The problem is that you are trying to apply a patch after the module has
been imported. In this case the 'wrapt.wrap_function_wrapper()' call will
ensure the module is imported if it wasn't already, but if the module had
already been imported previously by some other part of your code or by a
third party package you may have issues.

In particular, it the target function you were trying to monkey patch was a
normal global function of the module, some other code could have grabbed a
direct reference to it by doing:

```python
from example import function
```

If you come along later and have:

```python
import wrapt

@wrapt.patch_function_wrapper('example', 'function')
def wrapper(wrapped, instance, args, kwargs):
    return wrapped(*args, **kwargs)
```

then yes the copy of the function contained in the target module will have
the wrapper applied, but the reference to it created by the other code will
not have the wrapper.

To ensure that your wrapper is always used in this scenario you would need
to patch it not just in the original module, but in any modules where a
reference had been stored. This would only be practical in very limited
circumstances because in reality you are not going to have any idea where
the function might be getting used if it is a common function.

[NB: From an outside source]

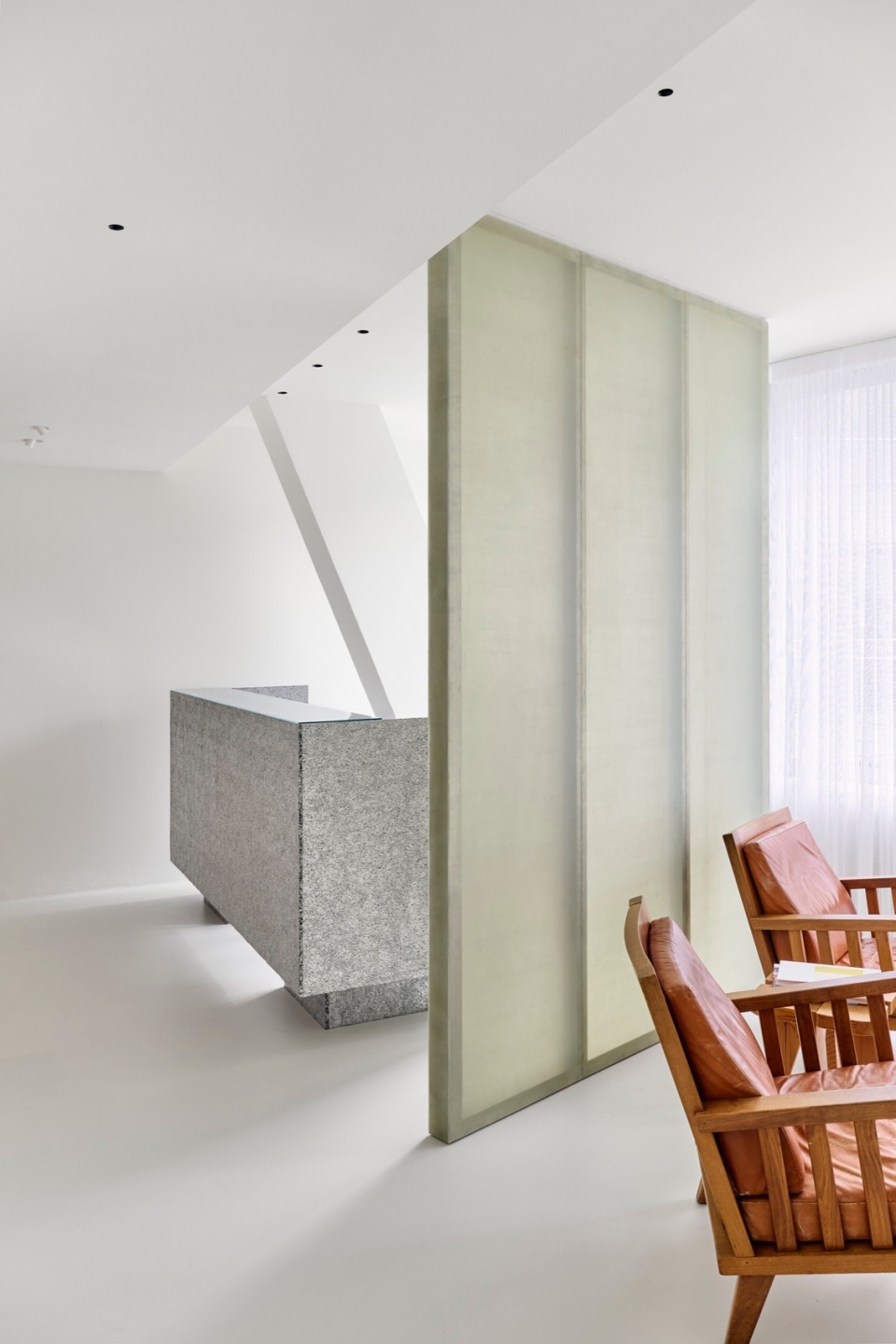 诊疗室的门选用胡桃木与“教堂玻璃”(Cathedral Glass)制成,与整体冷峻、极简的材料形成温润的对比。这种具有透光性的独特玻璃带来了开放感,却又不影响患者的隐私。同时,它也与等候区中新旧家具的组合形成和谐的连接。

This exact problem is one of the shortcomings in the way that monkey
patching is applied by packages such as gevent or eventlet. Both these
packages do delayed patching of functions and so are sensitive to the order
in which modules are imported. To get around this problem at least for
modules in the Python standard library, the 'time.sleep()' function which
they need to monkey patch, has to be patched not only in the 'time' module,
but also in the 'threading' module.

There are some techniques one can use to try and avoid such problems but I
will defer explaining those to some time down the track.

Instead for my next blog post I want to move onto some examples for where
monkey patching could be used by looking at how wrapt can be used as
alternative to packages such as the mock package when doing testing.